**Exercise instructions:** For every entry, reproduce the wording exactly and omit any image it holds.

**Exercise inputs:**

== Segment start ==

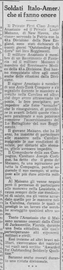 In 1942, the paper praised him in “Soldati Italo-Americani che si fanno onore” (Italian-American Soldiers Who Bring Honor), citing his leadership during training maneuvers in North Carolina.
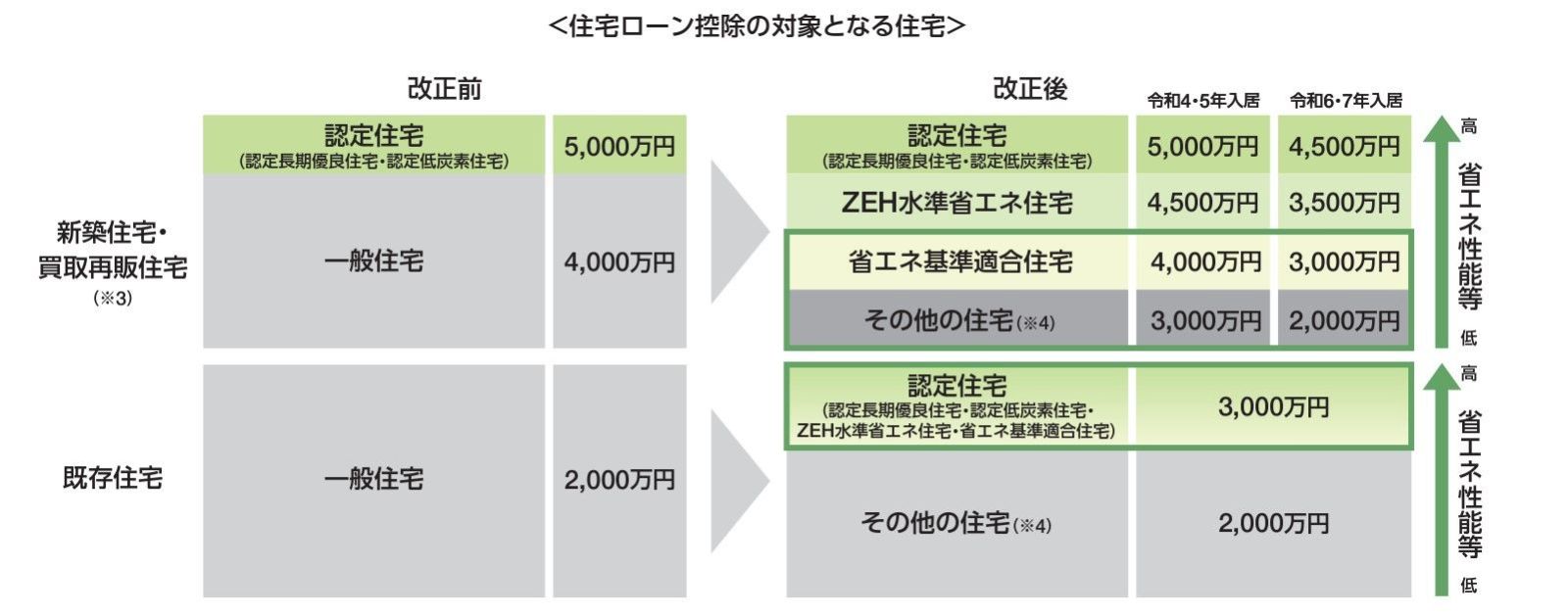 ※1 「認定住宅等」とは、認定長期優良住宅・認定低炭素住宅、ZEH水準省エネ住宅、省エネ基準適合住宅のことを指しており、2050年カーボンニュートラルの実現に向けた措置として、省エネ性能等の高い「認定住宅等」につき、新築住宅等・既存住宅ともに、借入限度額を上乗せされるようになりました。また、令和6年以降に建築確認を受けた新築住宅につき、省エネ基準への適合が要件化されます。つまり、令和6年1月1日以降、一定の省エネ基準を満たさないものの新築や既存住宅を購入されても、適用の対象外とされますので、ご注意ください。
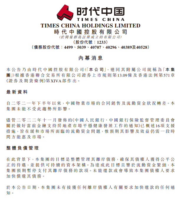 時代中國表示“深受2021年下半年以來,房地產(chǎn)銷售轉(zhuǎn)差的嚴重影響。公司的整體資金緊張,無法公平支付整體的離岸債,所以公司將整體暫停所有離岸債的支付”。這是時代中國第一次以官方公告的方式,承認自己無力支付債務,也就是公開債務爆雷了。
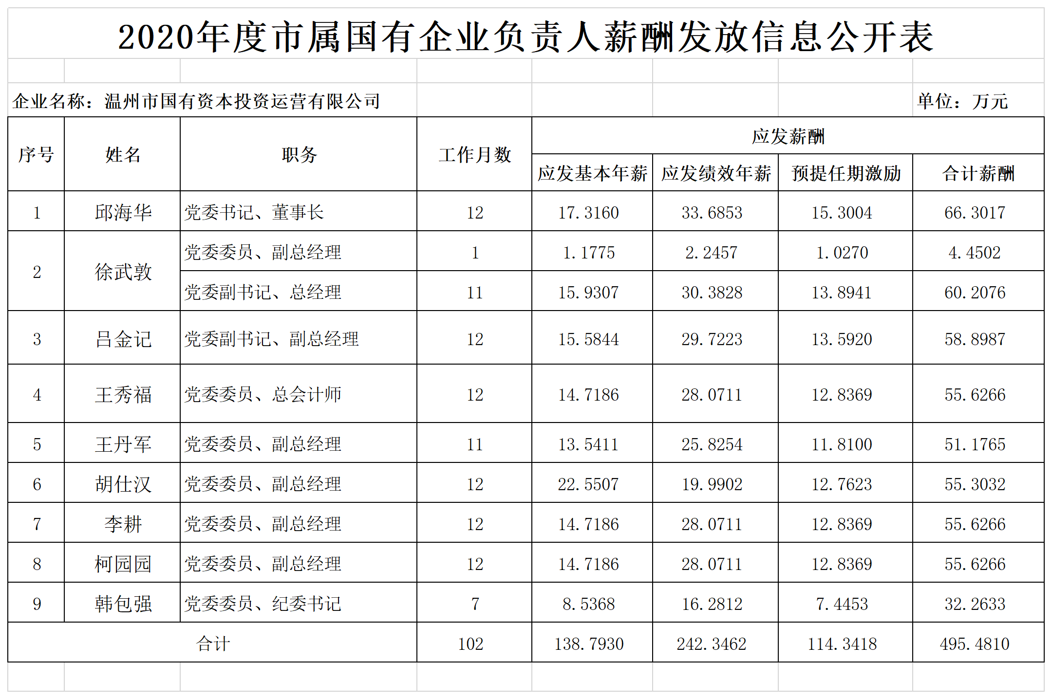 2020年度市属国有企业负责人薪酬发放信息公开表
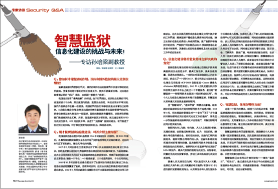 此外,在该期的“行业观察”栏目编辑撰文“集成+联网+共享:司法行业信息化进程提速”中,在“物联网,试水监狱安防”章节里,也大量采用了孙培梁老师关于监狱物联网的访谈内容。
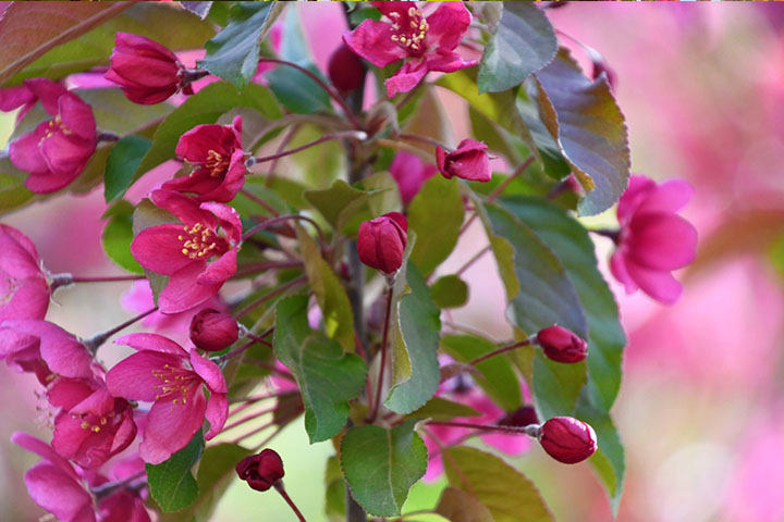 5. 紅葉海棠: 紅葉海棠是一種比較特殊的北美海棠,其葉子樹(shù)干等無(wú)部位均呈現(xiàn)出紅色,花朵為白色,花徑3-4cm,花期和其它海棠一樣,在4月至5月間。
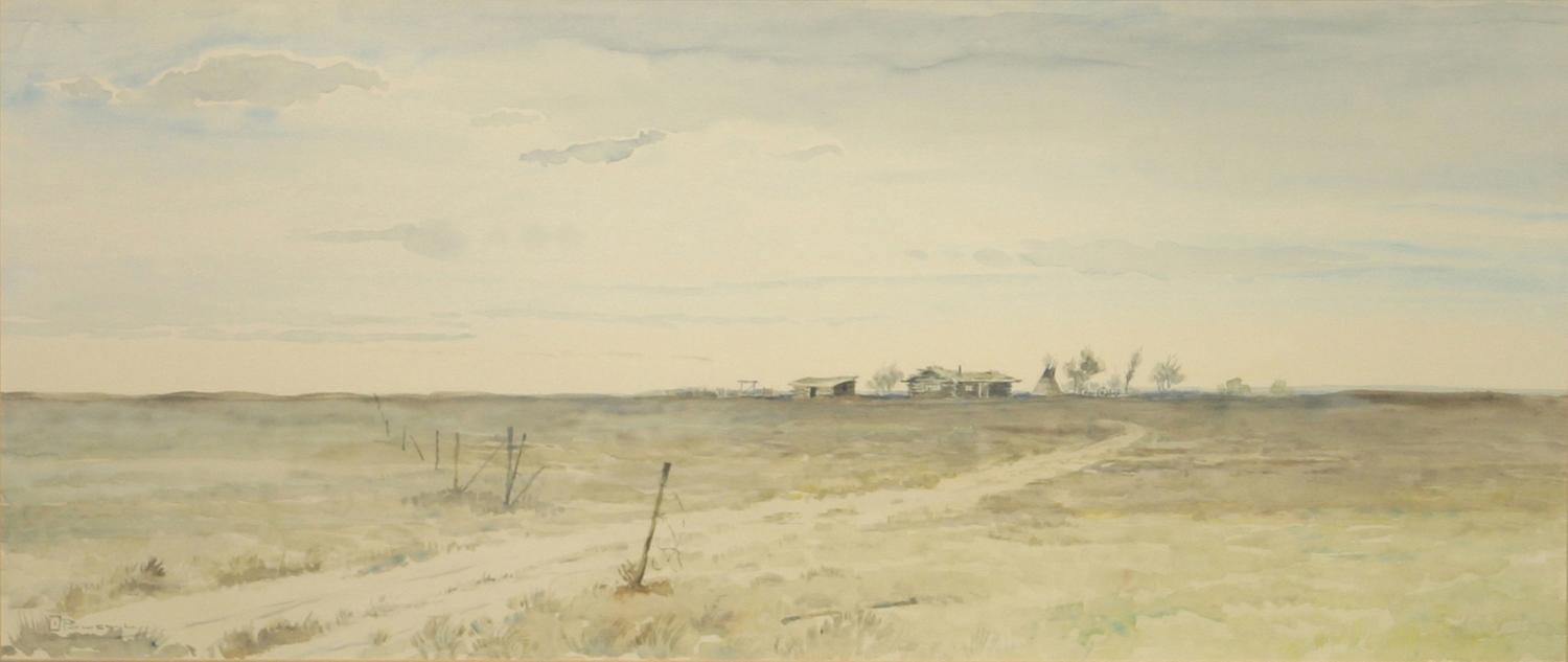 Ace Powell (1912-1978). Homestead. 14 ¾" x 34 ½" watercolor. signed lower left. (est $1,500-2,500). . Provenance: Estate of Paul & Doris Masa, Kalispell, MT. Condition Report: Crisp and clean and nicely framed
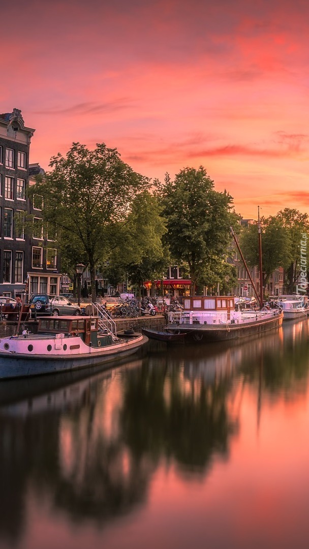 Edytor tapety: Łódki na kanale w Amsterdamie
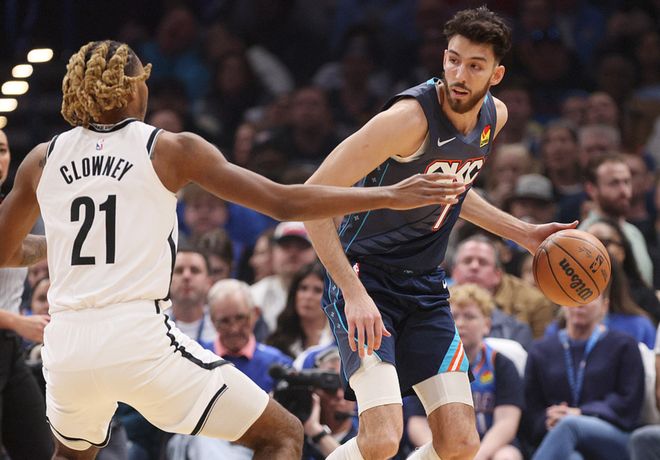 雷霆主场迎战篮网,雷霆少了亚历山大、杰伦、米切尔,篮网少了克拉克斯顿、扎威,首节比赛篮网稍占上风,取得2分领先,第二节雷霆单节赢了19分,半场战罢雷霆领先17分,第三节篮网追回7分,第四节雷霆再次占据上风,最终雷霆105-86大胜篮网。麦凯恩12中7(三分6中3)得到21分4板,切特6中3得到15分7板2助,篮网方面波特16中6得到22分9板5助2断,特拉奥雷11中5得到17分3助2断。
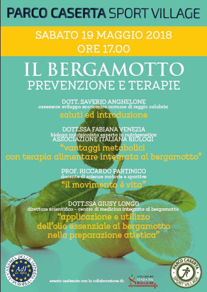 Il Parco Caserta Sport Village, al cui interno sono stati piantati 33 alberi di bergamotto, con l’Accademia delle imprese europee, che della filiera del bergamotto ha fatto uno dei suoi fiori all’occhiello ed il patrocinio dell’Associazione italiana biologi, invita tutti a partecipare al convegno.
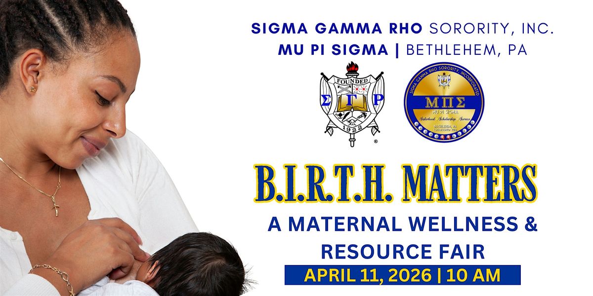 Join the Mu Pi Sigma Alumnae Chapter of Sigma Gamma Rho Sorority, Inc. for B.I.R.T.H. Matters: A Maternal Wellness & Resource Fair, a welcoming and empowering event designed to address maternal and infant health disparities while supporting families at every stage of the journey.
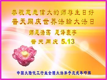 | 【明慧网二零一八年五月十二日】法轮大法是佛法修炼,开传于常人社会,各行各业不同工,却有着共同的信仰,生活中实修升华,工作中体现出心性。二十六年来,大法中修炼的弟子越来越体悟到法轮大法的博大和精深。在恩师六十七岁华诞和世界法轮大法日庆典的时刻,来自数十行业的大法弟子用贺词、表达他们对恩师的感谢。 下面的贺词、有来自医务界、教育、科技、交通、财务审计、航空航天、金融、银行、铁路、公交、建材工业、供销、水利、纺织、邮电、农牧、卫生医疗、石油、药材、钢铁、林业、农垦、服务行业、电力、水利商业、房地产、环卫、飞机制造、保险、外贸、军工、国土、燃气、餐饮、疾病预防控制系统等行业的大法弟子。 中国大陆化工行业全体大法弟子恭祝师尊生日好!
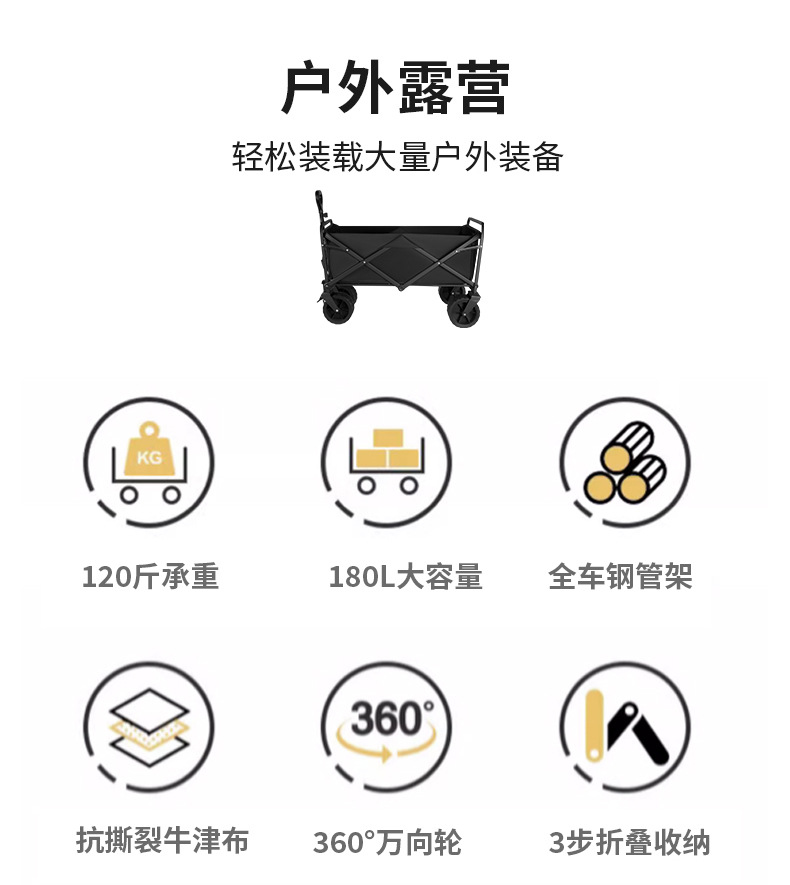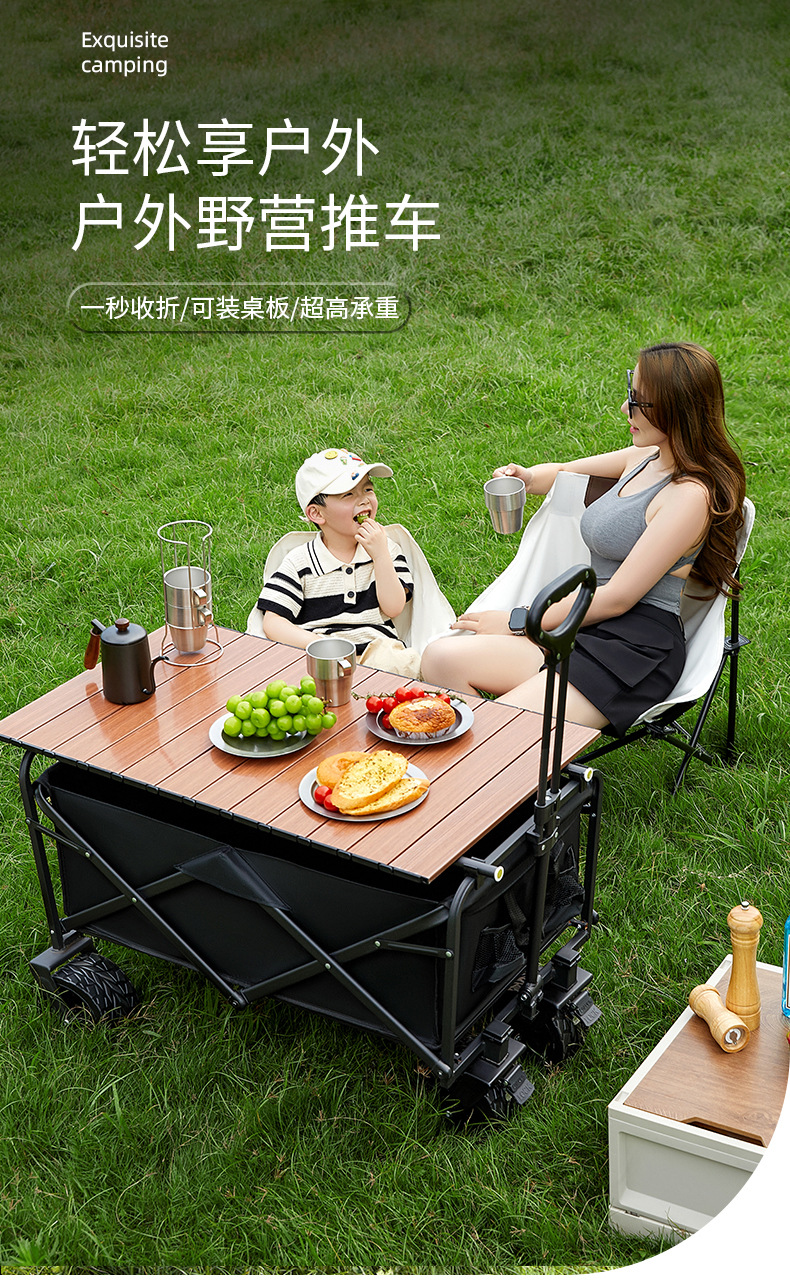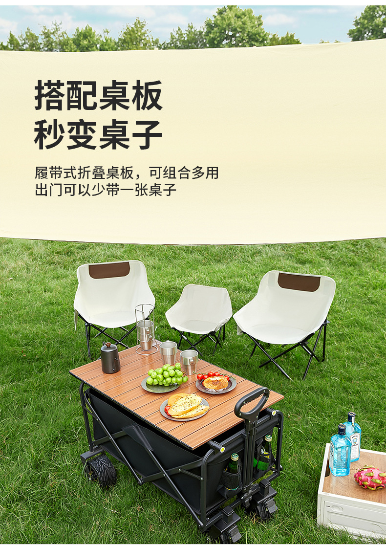新款可折疊可攜式露營推車拉桿小拉車營地車桌板野外戶外手推野餐車
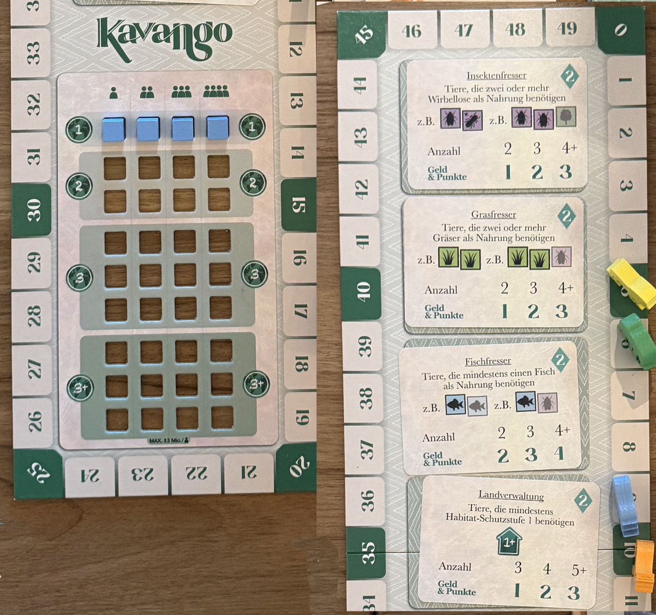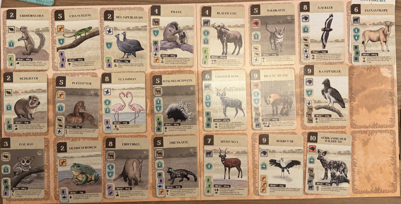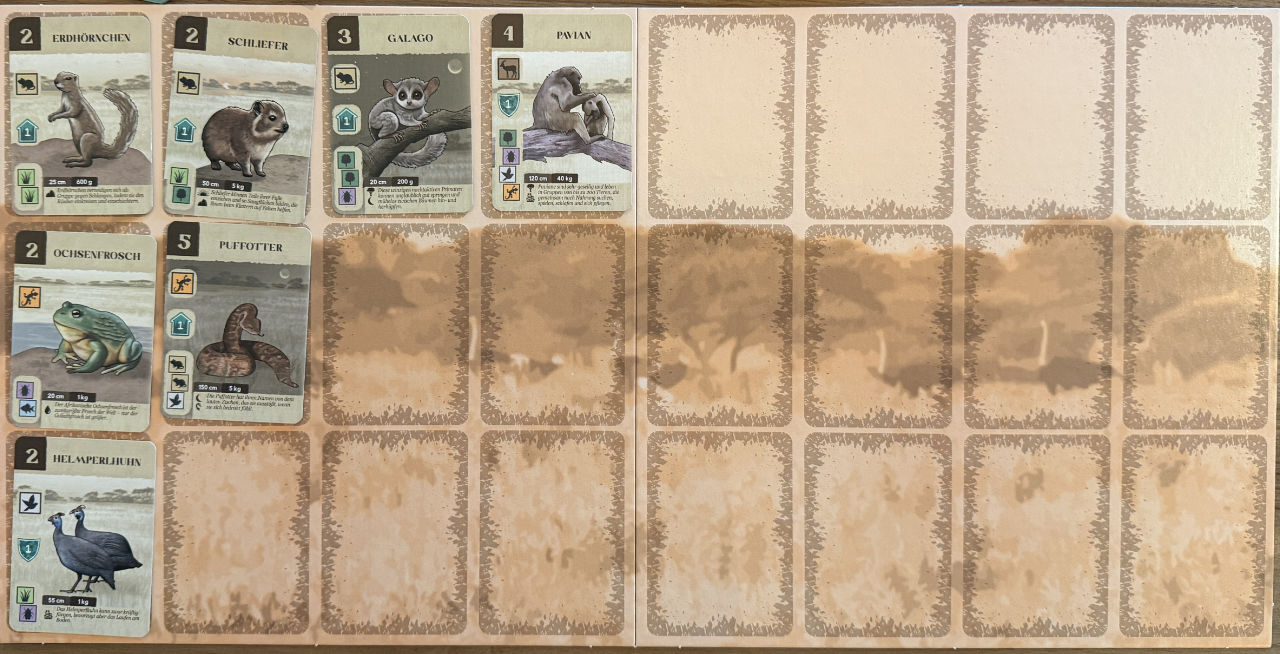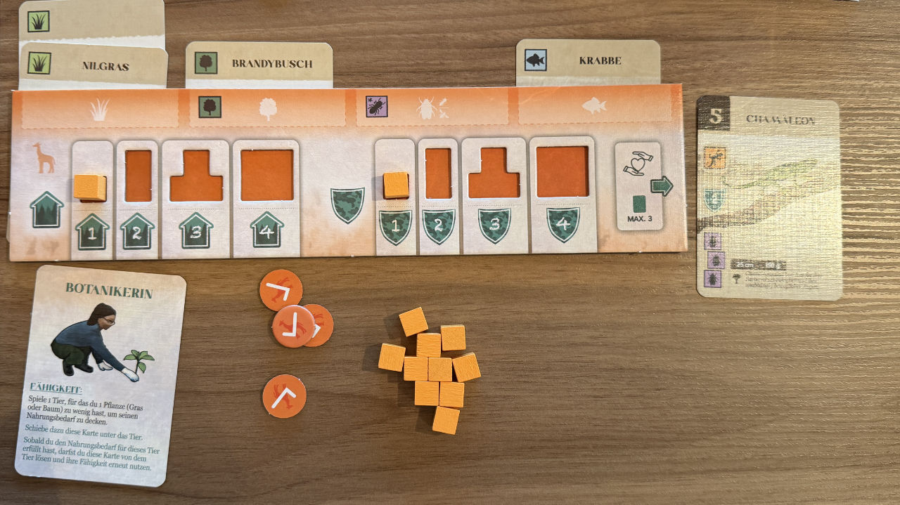 Das Spiel hat als Familienspiel einfache Mechanismen. Unsere Aufgabe ist ganz simpel: Sammle Siegpunkte. Hierzu haben wir ein Ressort aus 3×8 freien Plätzen und unser Tableau mit Habitat- und Wildtierschutz und das Kleintierfutter. Hinzu kommt ein gemeinsames Tableau für den Klimaschutz, auf dem auch die Siegpunkteleiste ist.

== Segment end ==

**Finished exercise:**
 In 1942, the paper praised him in “Soldati Italo-Americani che si fanno onore” (Italian-American Soldiers Who Bring Honor), citing his leadership during training maneuvers in North Carolina.
 ※1 「認定住宅等」とは、認定長期優良住宅・認定低炭素住宅、ZEH水準省エネ住宅、省エネ基準適合住宅のことを指しており、2050年カーボンニュートラルの実現に向けた措置として、省エネ性能等の高い「認定住宅等」につき、新築住宅等・既存住宅ともに、借入限度額を上乗せされるようになりました。また、令和6年以降に建築確認を受けた新築住宅につき、省エネ基準への適合が要件化されます。つまり、令和6年1月1日以降、一定の省エネ基準を満たさないものの新築や既存住宅を購入されても、適用の対象外とされますので、ご注意ください。
 時代中國表示“深受2021年下半年以來,房地產(chǎn)銷售轉(zhuǎn)差的嚴重影響。公司的整體資金緊張,無法公平支付整體的離岸債,所以公司將整體暫停所有離岸債的支付”。這是時代中國第一次以官方公告的方式,承認自己無力支付債務,也就是公開債務爆雷了。
 2020年度市属国有企业负责人薪酬发放信息公开表
 此外,在该期的“行业观察”栏目编辑撰文“集成+联网+共享:司法行业信息化进程提速”中,在“物联网,试水监狱安防”章节里,也大量采用了孙培梁老师关于监狱物联网的访谈内容。
 5. 紅葉海棠: 紅葉海棠是一種比較特殊的北美海棠,其葉子樹(shù)干等無(wú)部位均呈現(xiàn)出紅色,花朵為白色,花徑3-4cm,花期和其它海棠一樣,在4月至5月間。
 Ace Powell (1912-1978). Homestead. 14 ¾" x 34 ½" watercolor. signed lower left. (est $1,500-2,500). . Provenance: Estate of Paul & Doris Masa, Kalispell, MT. Condition Report: Crisp and clean and nicely framed
 Edytor tapety: Łódki na kanale w Amsterdamie
 雷霆主场迎战篮网,雷霆少了亚历山大、杰伦、米切尔,篮网少了克拉克斯顿、扎威,首节比赛篮网稍占上风,取得2分领先,第二节雷霆单节赢了19分,半场战罢雷霆领先17分,第三节篮网追回7分,第四节雷霆再次占据上风,最终雷霆105-86大胜篮网。麦凯恩12中7(三分6中3)得到21分4板,切特6中3得到15分7板2助,篮网方面波特16中6得到22分9板5助2断,特拉奥雷11中5得到17分3助2断。
 Il Parco Caserta Sport Village, al cui interno sono stati piantati 33 alberi di bergamotto, con l’Accademia delle imprese europee, che della filiera del bergamotto ha fatto uno dei suoi fiori all’occhiello ed il patrocinio dell’Associazione italiana biologi, invita tutti a partecipare al convegno.
 Join the Mu Pi Sigma Alumnae Chapter of Sigma Gamma Rho Sorority, Inc. for B.I.R.T.H. Matters: A Maternal Wellness & Resource Fair, a welcoming and empowering event designed to address maternal and infant health disparities while supporting families at every stage of the journey.
 | 【明慧网二零一八年五月十二日】法轮大法是佛法修炼,开传于常人社会,各行各业不同工,却有着共同的信仰,生活中实修升华,工作中体现出心性。二十六年来,大法中修炼的弟子越来越体悟到法轮大法的博大和精深。在恩师六十七岁华诞和世界法轮大法日庆典的时刻,来自数十行业的大法弟子用贺词、表达他们对恩师的感谢。 下面的贺词、有来自医务界、教育、科技、交通、财务审计、航空航天、金融、银行、铁路、公交、建材工业、供销、水利、纺织、邮电、农牧、卫生医疗、石油、药材、钢铁、林业、农垦、服务行业、电力、水利商业、房地产、环卫、飞机制造、保险、外贸、军工、国土、燃气、餐饮、疾病预防控制系统等行业的大法弟子。 中国大陆化工行业全体大法弟子恭祝师尊生日好!
新款可折疊可攜式露營推車拉桿小拉車營地車桌板野外戶外手推野餐車
 Das Spiel hat als Familienspiel einfache Mechanismen. Unsere Aufgabe ist ganz simpel: Sammle Siegpunkte. Hierzu haben wir ein Ressort aus 3×8 freien Plätzen und unser Tableau mit Habitat- und Wildtierschutz und das Kleintierfutter. Hinzu kommt ein gemeinsames Tableau für den Klimaschutz, auf dem auch die Siegpunkteleiste ist.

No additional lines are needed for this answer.